For our purposes, we will install and use SHI7 on an interactive shell on our supercomputer, MSI, like so: isub -n nodes=1:ppn=16 -m 22GB -w 12:00:00 (skip this if installing on your own computer, just open a (bash) terminal and optionally enter a directory where you want to install SHI7 with cd). You'll want to update the URLs below with the latest version on the release page above!

  1. Have python (you will most likely have this already!) and importantly (at least on MacOS) the Java SDK: http://www.oracle.com/technetwork/java/javase/downloads/jdk8-downloads-2133151.html (If you are installing java for the first time, you MUST REBOOT to have it be recognized).

  2. Download and unpack the latest release: (if on MacOS, replace the word "linux" with "mac" near the end of the wget link!)

wget https://github.com/knights-lab/shi7/releases/download/v0.9.9/shi7_0.9.9_linux_release.zip
unzip shi7_*_release.zip
chmod +x shi7_*_linux_release/*
  1. Add SHI7 binaries to your PATH so they can be called on the commandline anywhere: On Linux:
echo "PATH=$PWD/shi7_0.9.9_linux_release:$PATH" >> ~/.bashrc

On Mac:

echo "PATH=$PWD/shi7_0.9.9_mac_release:$PATH" >> ~/.bash_profile
  1. Reload your terminal environment and test shi7.py:
. ~/.bash_profile
. ~/.bashrc
shi7.py -h

At this point you should see the help screen printed out and SHI7 should be installed.
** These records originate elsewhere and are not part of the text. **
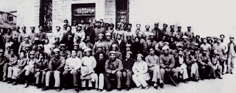 1942年5月2日至23日,在延安整風(fēng)期間,毛澤東同志親自主持召開了有文藝工作者、中央各部門負(fù)責(zé)人共100多人參加的延安文藝座談會。圖為延安文藝座談會代表合影(吳印咸/攝)。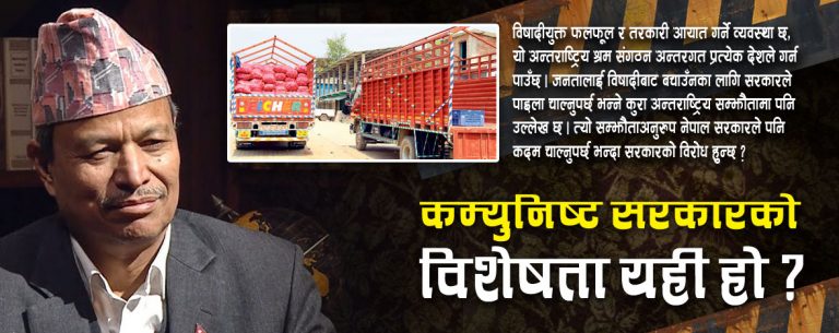 असार २३, काठमाण्डौ । नेपाल कम्युनिष्ट पार्टीका नेता भिम रावलले तेस्रो मुलुकबाट आयात हुने तरकारी तथा फलफूलको विषादी परीक्षणको सुरुवात तत्काल गर्न सरकारसँग माग गरेका छन् ।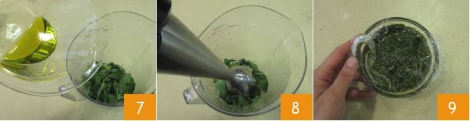 Mientras tanto, lava y seca la mentuccia, colócala en un recipiente alto y estrecho y añade el aceite 7. Tritura con una batidora de inmersión 8 hasta obtener una consistencia cremosa. Cubre el pesto obtenido con film en contacto 9 y consérvalo en el frigorífico hasta el momento de usarlo.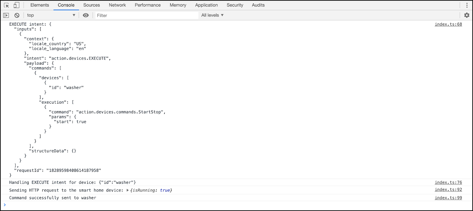 در بخش زیر، بررسی میکنید که دستگاه Google Home میتواند به درستی اسکن، شناسایی و دستورات را به واشر هوشمند مجازی از طریق شبکه محلی ارسال کند. میتوانید از ابزارهای برنامهنویس Google Chrome برای اتصال به دستگاه Google Home، مشاهده گزارشهای کنسول و اشکالزدایی برنامه TypeScript استفاده کنید.
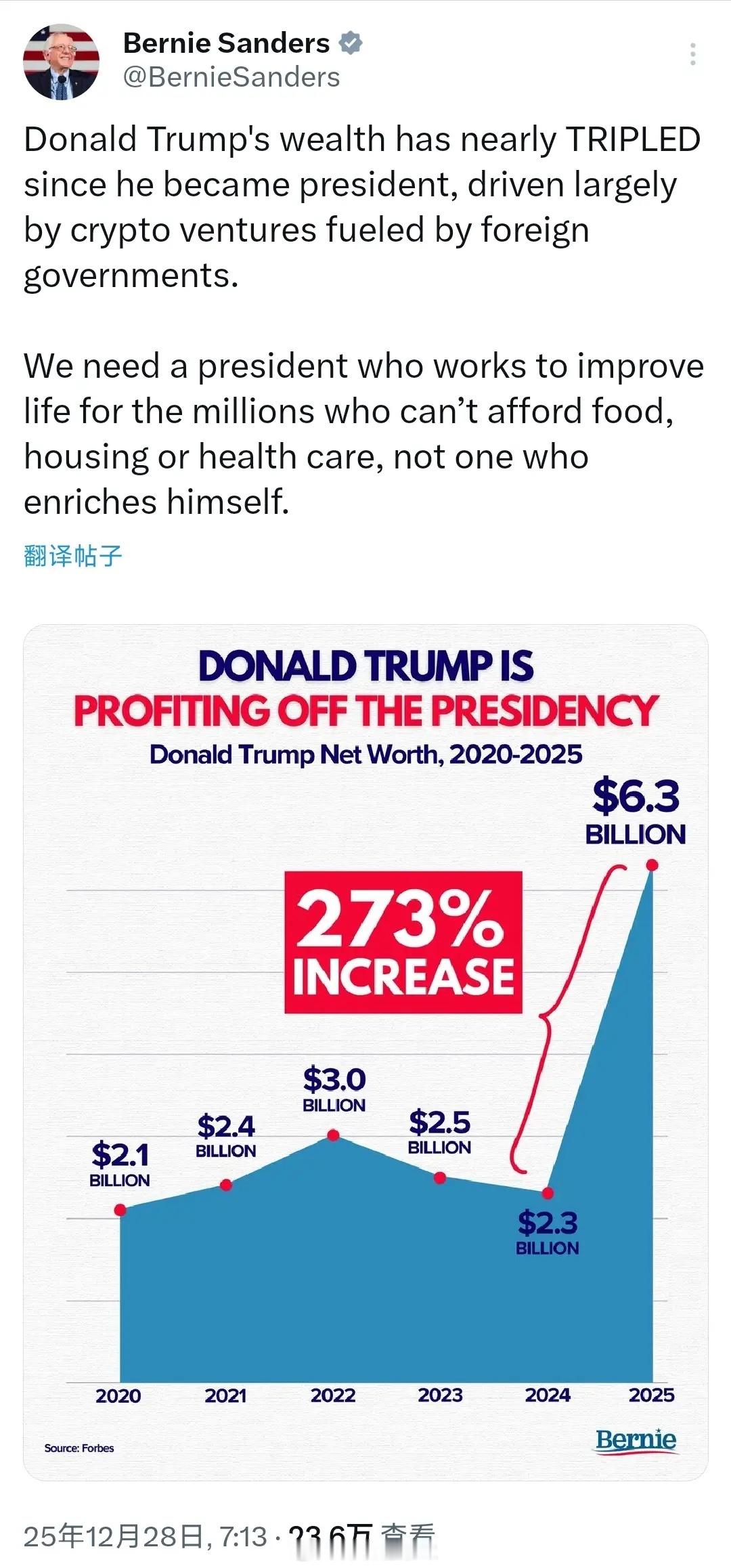 美国民主党籍参议员伯尼·桑德斯今天(北京时间12月28日)发文写道:“自唐纳德·特朗普担任总统以来,他的财富几乎增长了三倍,这主要得益于由外国政府资助的加密货币业务的推动。我们需要一位致力于改善那些无法获得食物、住房或医疗保障的数百万民众生活的总统,而不是一位只想着让自己富裕起来的总统。”评几句:特朗普这财富增长简直是美国政治圈的“奇闻丑剧”。特朗普财富自担任总统以来增长273%,这一情况在美国引发了广泛且激烈的争议。民主党籍参议员伯尼·桑德斯直言,其财富增长主要得益于外国政府资助的加密货币业务推动,这无疑让争议的火苗烧得更旺。这不是明目张胆的利益输送、权力变现吗?在美国,民众生活面临诸多困境,数百万民众连基本的食物、住房和医疗保障都难以获取,而特朗普却在这期间实现财富大幅跃升,二者形成鲜明对比。在明年中期选举前,这一敏感话题极有可能成为焦点,引发更多争议。美国民众必然会思考,总统的职责究竟是致力于改善民生,还是为自己谋取私利。

Using SHI7 (simplest method):

Note: if you installed via the CONDA method, omit the ".py" extension at the end of shi7 and shi7_learning

  1. To run interactively on a supercomputer like MSI (skip this step otherwise):
isub -n nodes=1:ppn=16 -m 22GB -w 12:00:00`
module load python
  1. Learn the appropriate shi7 parameters from the raw (unzipped) fastq data (replace 'myFastqFolder' with your actual data directory):
shi7_learning.py -i myFastqFolder -o learnt
  1. Run shi7.py with the output of 2b: chmod +x learnt/shi7_cmd.sh && ./learnt/shi7_cmd.sh (or just copy the command that shi7_learning prints out when it finishes and run that)

Other usage examples:

Assuming you have a bunch of fastq files, of forward and reverse reads, split up by sample, that have Nextera adaptors:

shi7.py -i MyFastQFolder -o MyOutputFolder --adaptor Nextera

Assuming you only have R1 reads (no paired end):

shi7.py -i MyFastQFolder -o MyOutputFolder --adaptor Nextera -SE

This sets the minimum read length to 285 and the maximum to 300 when stitching, which is the canonical HMP V4 16S primer coverage region. This can be a powerful QC step in and of itself. Note: if using the EMP V4 protocol, omit these arguments.
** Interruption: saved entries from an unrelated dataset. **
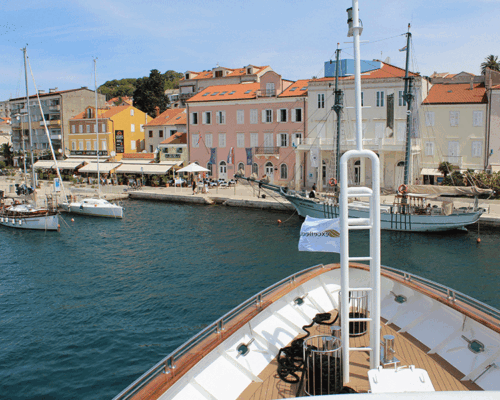 Meer endet an sanften grünen Hügeln mit einer kleinen Stadt. In schönster Abendsonne steuern wir auf Mali Losinj zu. Schon mehrere Minuten fährt das Schiff in der ruhigen Bucht, ein natürlicher Hafen, vom Wind geschützt und rund fünf Kilometer lang. Flankiert von anderen, kleineren Booten und Schiffen, gleiten wir langsam vorwärts. Wie ein Magnet zieht der helle Fleck die Schiffe an, lockt sie mit hypnotischer Anziehungskraft ans Ende der Bucht. Dorthin, wo sich die Stadt ans Meer schmiegt, es einrahmt mit einer gepflegten Häuserzeile und einer palmengesäumten Promenade. Die Fahrt war fast meditativ, jetzt herrscht plötzlich Betriebsamkeit. Während sich die Gäste auf der Excellence Adria noch wundern, ob die Lücke zwischen einem Segelschiff und einer anderen eindrücklichen Yacht wirklich reicht für ihr schwimmendes Hotel, werden schon die Taue ausgeworfen. In kürzester Zeit ist das Schiff seitlich einparkiert. Die kleine Brücke wird ausgefahren und wir stehen mitten in der Flaniermeile, mitten in der Stadt, mitten im Geschehen. Dort nehmen nicht nur die Neuankömmlinge die schöne Umgebung wahr, sondern auch Passanten die schöne Excellence Adria.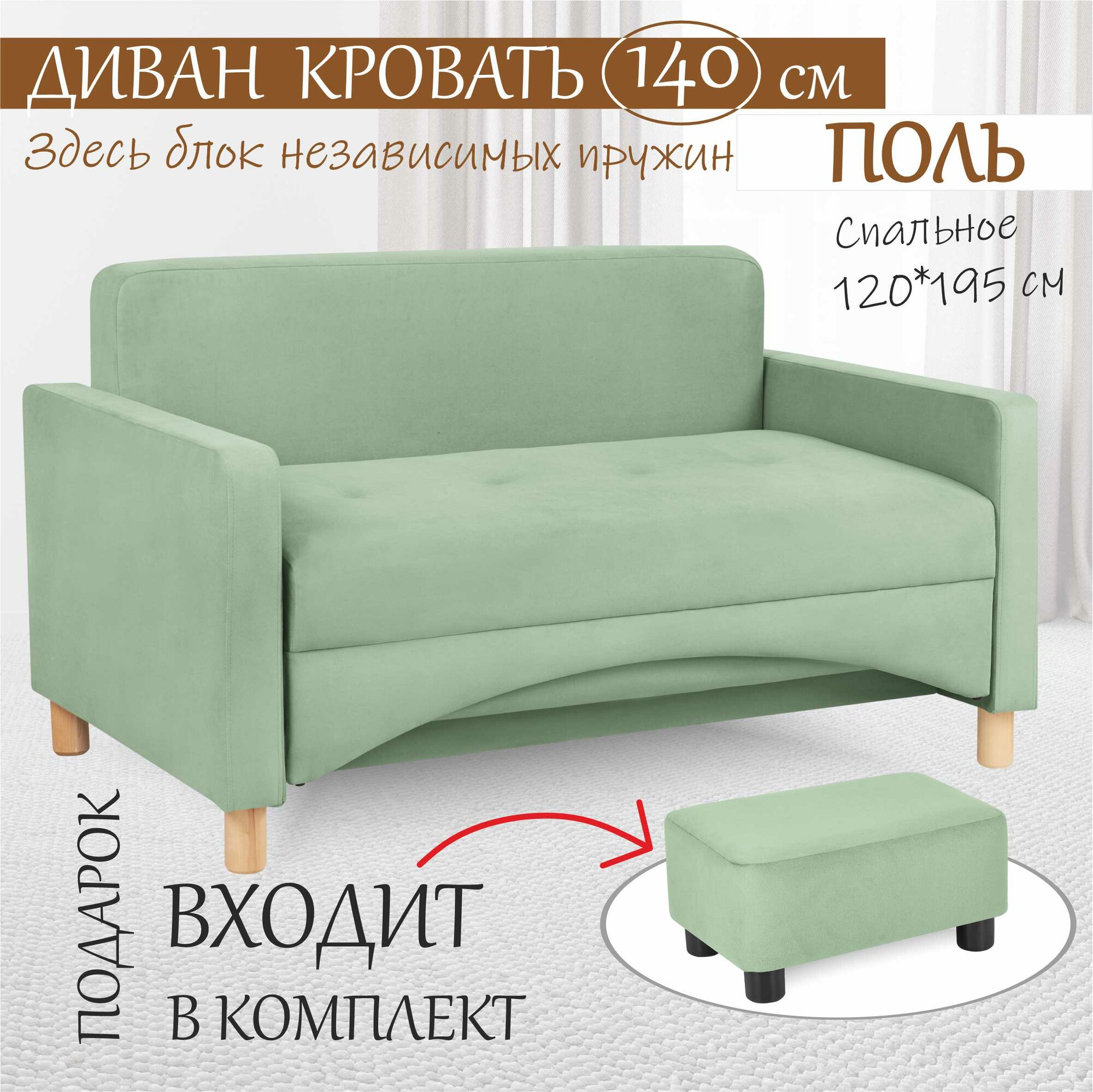 СохранитьДиван-кровать Поль-макси на блоке независимых пружин, прямой, 139*80*81 см, спальное место 120*194 см, велюр мятный 14 интересное: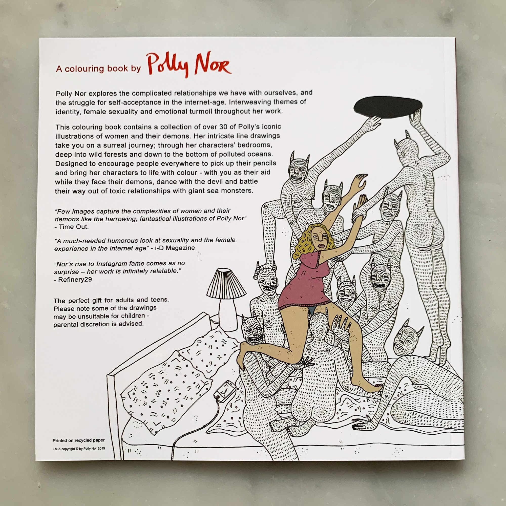 This colouring book contains a collection of over 30 of Polly’s iconic illustrations of women and their demons. Her intricate line drawings take you on a surreal journey; through her characters’ bedrooms, deep into wild forests and down to the bottom of polluted oceans. Designed to encourage people everywhere to pick up their pencils and bring her characters to life with colour - with you as their aid while they face their demons, dance with the devil and battle their way out of toxic relationships with giant sea monsters.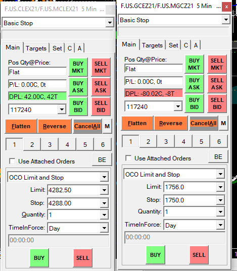 I trade the Micro ES using the ES chart and the Micro Crude using the CL Chart and Micro Gold using the Gold Chart. The profit and loss on the the Micro ES and Micro CL are correct and display the correct sums but the profit an loss on the Gold chart will only show the sum of the full sized contract. Attached are trade window for CL and GC to illustrate this point. How can I get Gold to display the correct price. The settings are exactly the same as near as I can tell. Thanks! |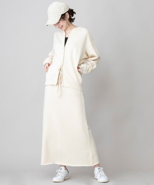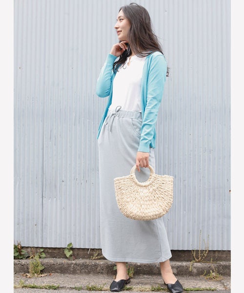 コットン素材のスウェットマキシスカートはすっきりとしたラインが魅力的な大人の1枚。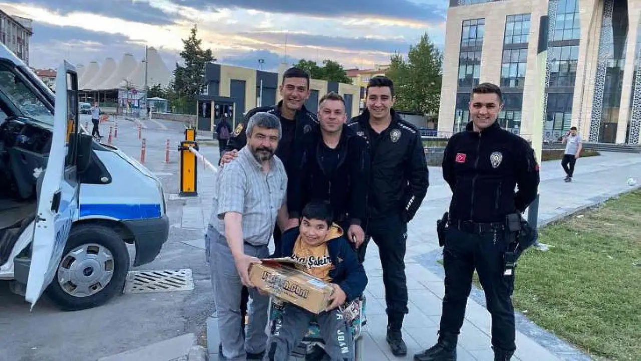 Kütahya'da Çevik Kuvvet polisleri özel çocuk Nurettin'in Karataş'ın hayali olan Play Station oyununu hediye ederek örnek bir davranışa imza attılar.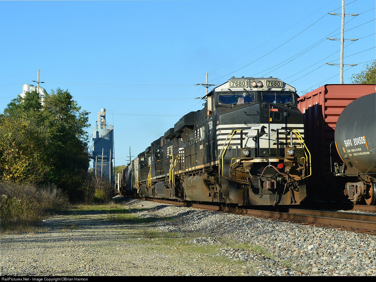 | 2 of 2: Following closely beside CSX Q365, NS 7680 leads a trio of GE's with a rather unusually symboled grain train, as the two head south along the CSX Toledo Subdivision in a race. |

If you have shotgun sequences, you might want to try not stitching (we recommend trying first and seeing how many stitch -- "percent combined" in the shi7.log file):

--flash False

Including --drop_r2 True in this case returns only R1 reads.

We recommend the following format for sequence file names:

sampleID_other_information_R1.fastq
sampleID_other_information_R2.fastq

Then, using strip_underscore True will return processed reads with just the sampleID, simplifying downstream processing. For example, an efficient command for non-stitching shotgun sequences with the sample names in the filenames before the first underscore character:

shi7.py -i MyFastQFolder -o MyOutputFolder --adaptor Nextera --flash False --strip_delim _,1 --drop_r2 True

Cite

To cite SHI7: Please cite the article published here: http://msystems.asm.org/content/3/3/e00202-17

Al-Ghalith, Gabriel A., Benjamin Hillmann, Kaiwei Ang, Robin Shields-Cutler, and Dan Knights. 2018. “SHI7 Is a Self-Learning Pipeline for Multipurpose Short-Read DNA Quality Control.” mSystems 3 (3). American Society for Microbiology Journals: e00202–17.